What about people? How long can scientists extend our lives? Between 1900 and 2020, human life expectancy more than doubled to 73,4 years. But this remarkable achievement came at a price: a staggering rise in chronic and degenerative diseases. Aging remains the biggest risk factor for cancer, heart disease, Alzheimer's disease, type 2 diabetes, arthritis, lung disease and almost every other serious disease. It's hard to imagine anyone wanting to live that much longer if that means a few more years of weakness.

But if these experiments in mice lead to drugs that address the molecular and biochemical problems that underlie many health problems in old age, or treatments that slow down—or, better yet, prevent—then, then many of us would have reached the age of 80 or 90 without the illnesses and ailments that can make those years a blessing.

Moreover, it will be possible to achieve what is considered the natural maximum human lifespan of 120 to 125 years. Few people come close to this age. In industrialized countries, about one in 6000 reaches the centenary mark, and one in five million survives the centennial milestone. World record holder Jeanne Calment of France died in 1997 at the age of 122 years and 164 days.

Human biology appears to be able to be optimized for longer lifespans. Unimaginable riches await whoever breaks the code. No wonder investors are pouring billions into trying. Google spearheaded spending growth with the launch of Calico Life Sciences in 2013, where Kenyon is vice president of aging research. Over the past few years, investments in the industry have come from tech moguls, cryptocurrency millionaires and, most recently, members of the Saudi royal family. It seems that everyone with money is betting on the next - or, in fact, the first - big discovery on aging.

This work is based on artificial intelligence, big data, cellular reprogramming and an increasingly fine understanding of millions of molecules. Some researchers even talk about "cure" aging.

People have been chasing dreams of eternal youth for centuries. But as recently as 30 years ago, the study of aging and longevity was such a scientific backwater that it was difficult for Cynthia Kenyon to hire young researchers to help with experiments that would open up this area. While working at the University of California, San Francisco, she changed one gene in tiny roundworms known as C.elegans and doubled their lifespan. The mutants also acted younger, gliding briskly under the microscope while their unchanged peers rolled around in clumps.

On the subject: Eternal youth: a rare disease can help stop aging

Kenyon's startling discovery showed that aging is malleable and controlled by genes, cellular pathways, and biochemical signals.

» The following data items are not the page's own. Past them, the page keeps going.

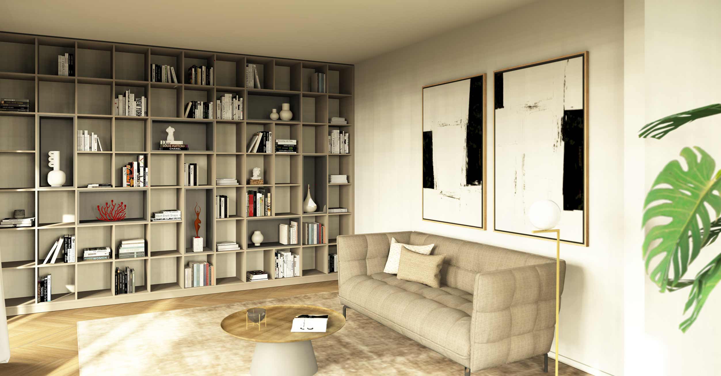 Colour accents in taupe and diamond grey add subtle highlights and are enhanced by integrated spotlights. The result is a bookcase that creates order and at the same time acts as a discreet eye-catcher.
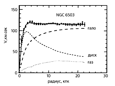 приведена ротационная кривая для спиральной галактики NGC 6503, построенная по наблюдениям в радиодиапазоне газообразного водорода. Видно, что на расстоянии от центра галактики более 5 кпк скорость остается практически постоянной. Такой вид зависимости предполагает, что не все объекты, составляющие общую массу галактики, движутся вместе с ней как “единое” целое. Поскольку вся барионная составляющая должна участвовать в таком движении, следовательно, часть скрытой массы оказывается небарионной. Для объяснения этого экспериментального факта и вводится понятие Темного галактического гало, состоящего из невидимых объектов (частиц), “компенсирующих” дефицит массы видимых объектов, расположенных в диске галактики.
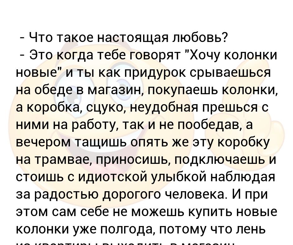 Что такое настоящая любовь? Это непростой вопрос. Любовь — это чувство крепкой привязанности к человеку, если верить толковому словарю. Привязанность возникает тогда, когда долго общаешься с человеком, а это общение подкрепляется удовлетворением какой-то потребности либо просто положительной эмоцией. Тогда и возникает эта привязанность, про которую идет речь в определении.
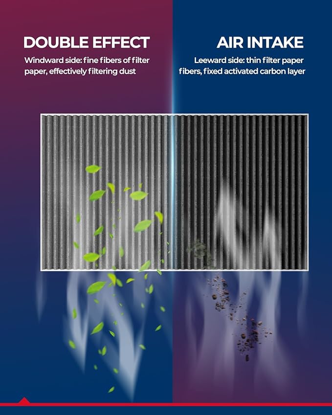 - 2-Layer Activated Carbon: Upgraded version with 2 layers of high-quality coconut shell activated carbon with stronger adsorption capacity, which can effectively remove peculiar smells and nasty odors in the air. Good air permeability, improving the heating and cooling efficiency of the car air conditioner, effectively prevent the musty smell in the car
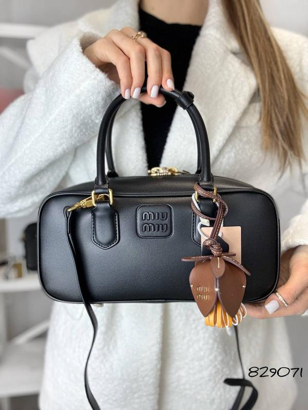 829071 Новинка 💝 Сумка с брелком кожа Материал: натуральная кожа Размер: 28/13/9 Форму держит, ремень регулируется, удобные ручки Цвет: черный, шоколад Все лого Премиум, брелок Miu 🔥
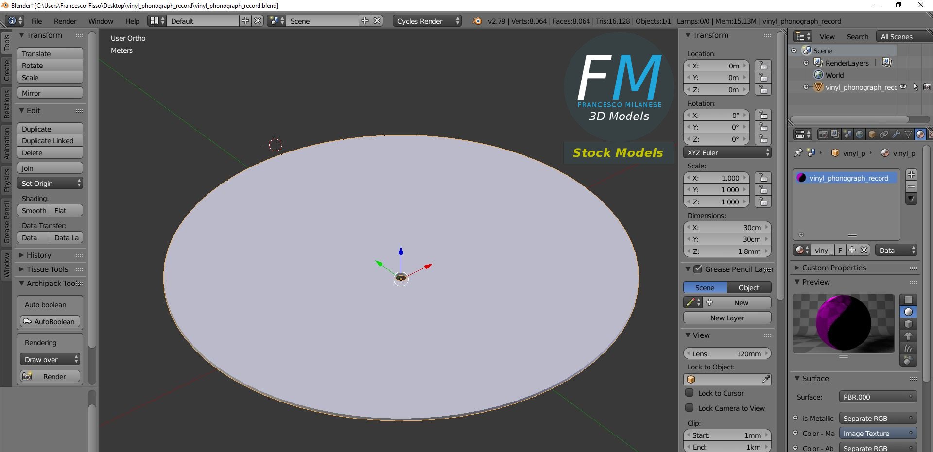 3D MODEL - Vinyl Phonograph Record
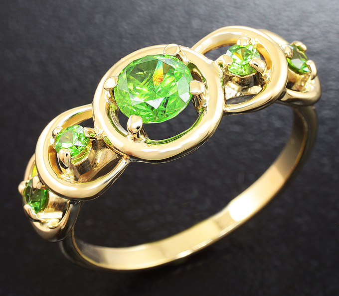Вашему вниманию предлагается кольцо из желтого золота 585 пробы с демантоидами гранатами! Диаметр вставок 2,65 мм и 5,5 мм. Площадка 24 х 9 мм, высота 4 мм. Вес изделия 4,5 г. Размер 19,5.
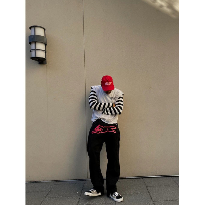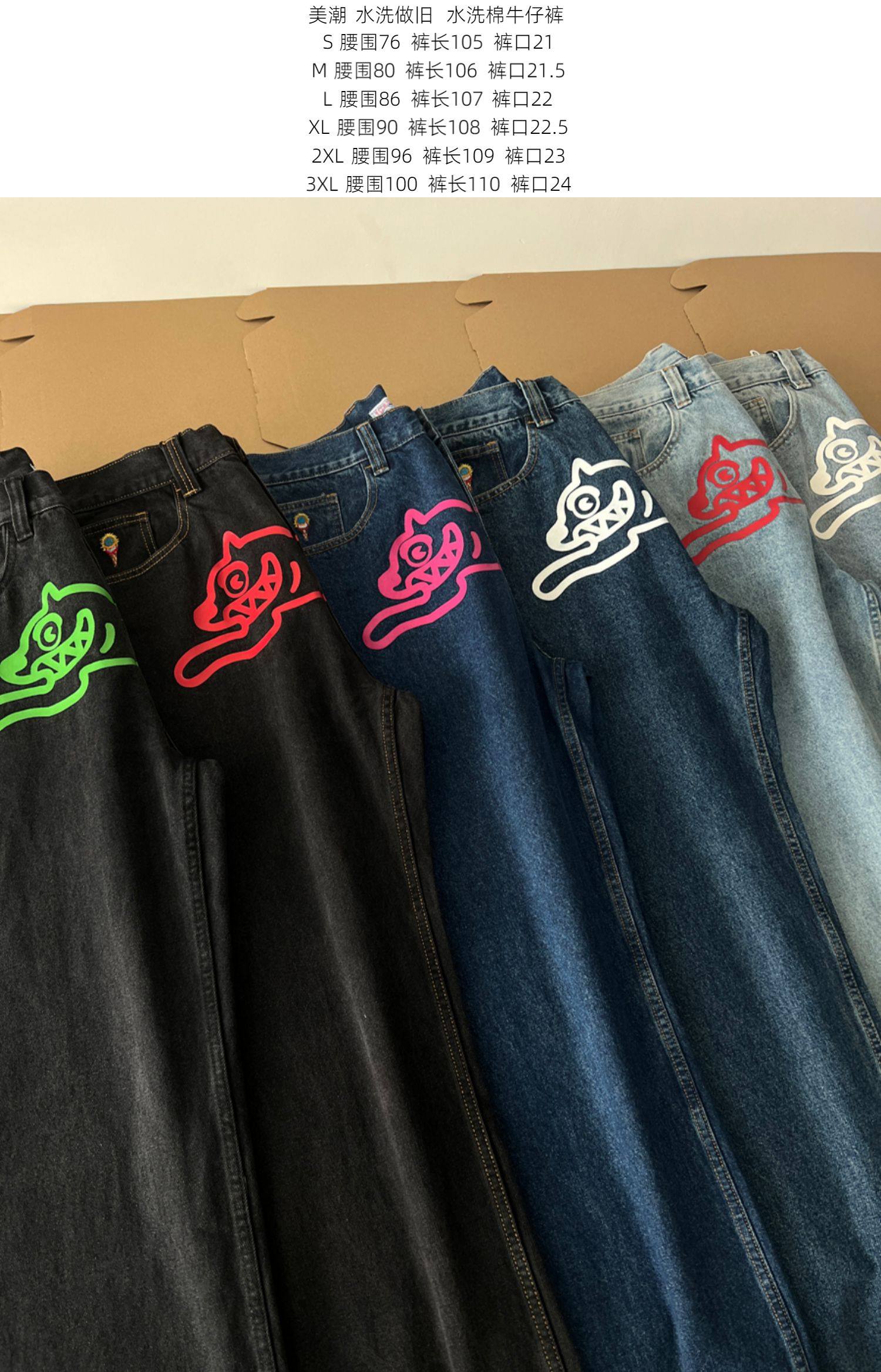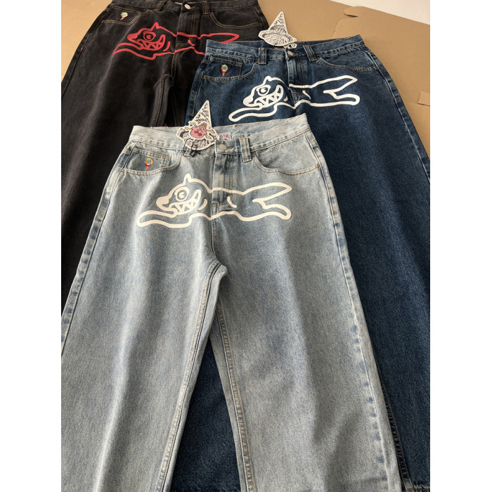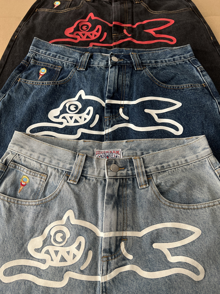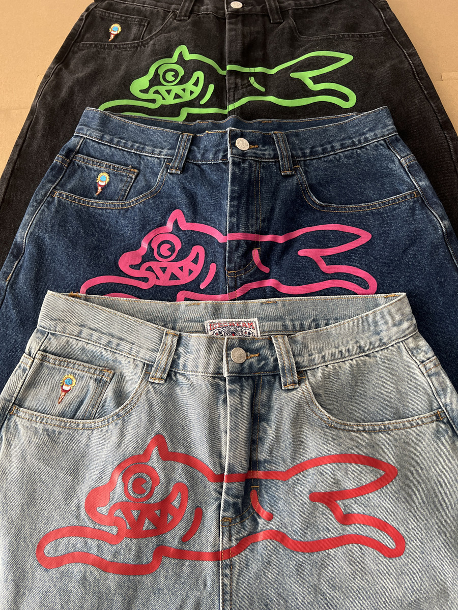 BBC飛狗ICECREAM美式高街飛狗印花牛仔褲男潮牌寬鬆直筒休閒長褲
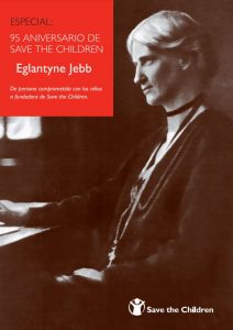 Amb motiu dels seus 95 anys, l’ong Save the Children publica una revista en format pdf dedicada a Eglantyne Jebb i als motius que la van portar a fundar aquesta ong que té el benestar dels infants com a principal objectiu. La revista, en castellà, inclou una ressenya sobre la vida d’Englantyne Jebb i també les diverses declaracions sobre els drets dels infants. A més, adjunta diverses propostes didàctiques. La primera, amb el títol «Replantegem el món», s’adreça a l’educació infantil. Les altres, a Primària i Secundària.
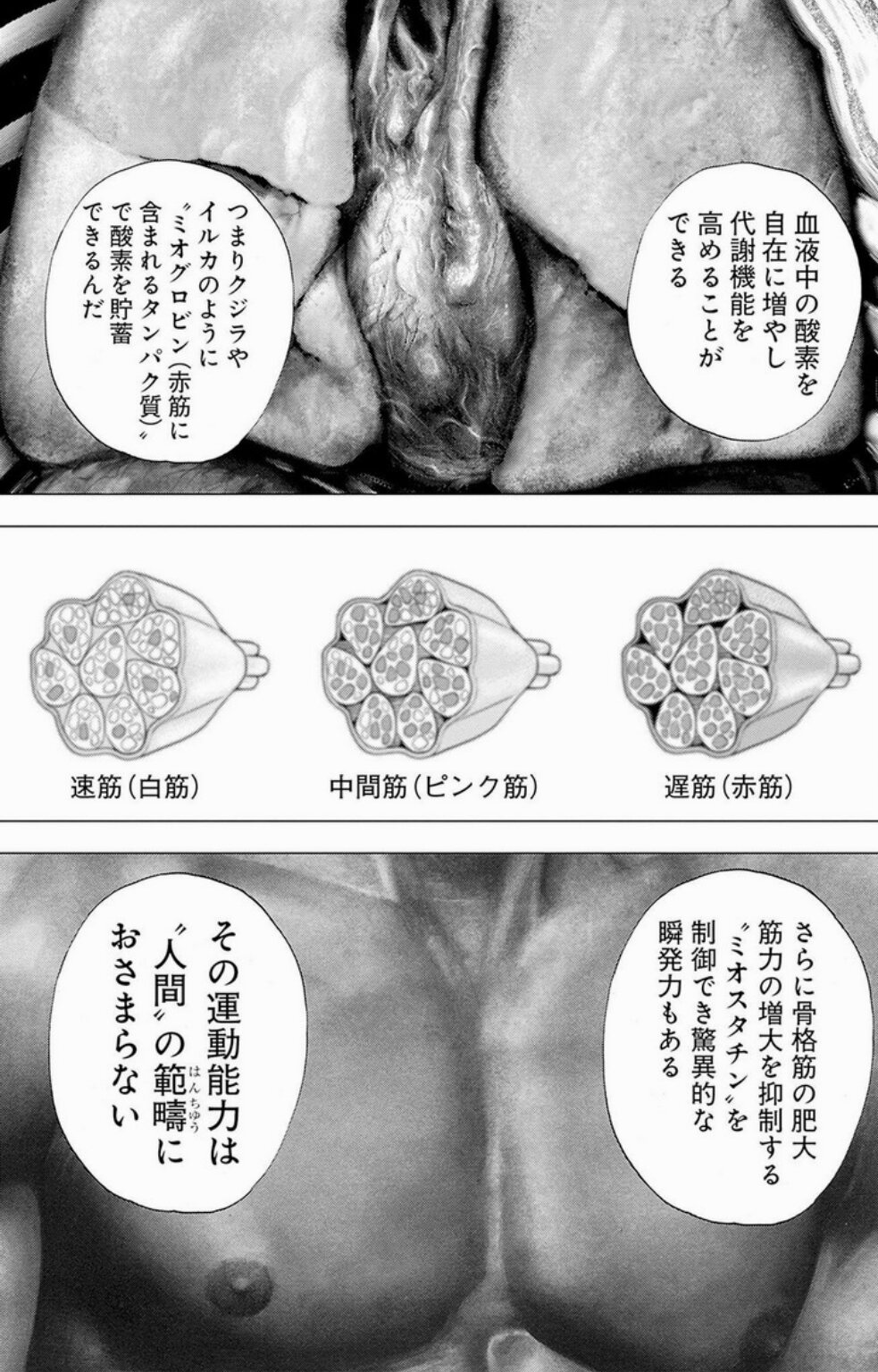 要約する前に前のコマで“ミオグロビン(赤色筋肉)”とか言ってるけどミオグロビン自体は筋肉じゃなくてそこに含まれるタンパク質だそうっス

“All this has moved from a foggy world to a familiar science that everyone understands,” she says. “And anyone could do it.”

However, delaying the death of worms and mice does not mean it will work in humans, too. At some point, senolytics, which kill the damaging cells that accumulate with age, were poised to become the first anti-aging therapy. But one of the first clinical trials, a long-awaited osteoarthritis treatment study, found it was no better than a placebo at reducing swelling or joint pain. Researchers and biotech companies are currently testing senolytics to treat early-onset Alzheimer's disease, long-term COVID-19, chronic kidney disease, frailty in cancer survivors, and a complication of diabetes that can lead to blindness. Clinical trials of other anti-aging compounds are also ongoing. But so far, none of the experimental drugs that have had such a blinding effect on mice have hit the market.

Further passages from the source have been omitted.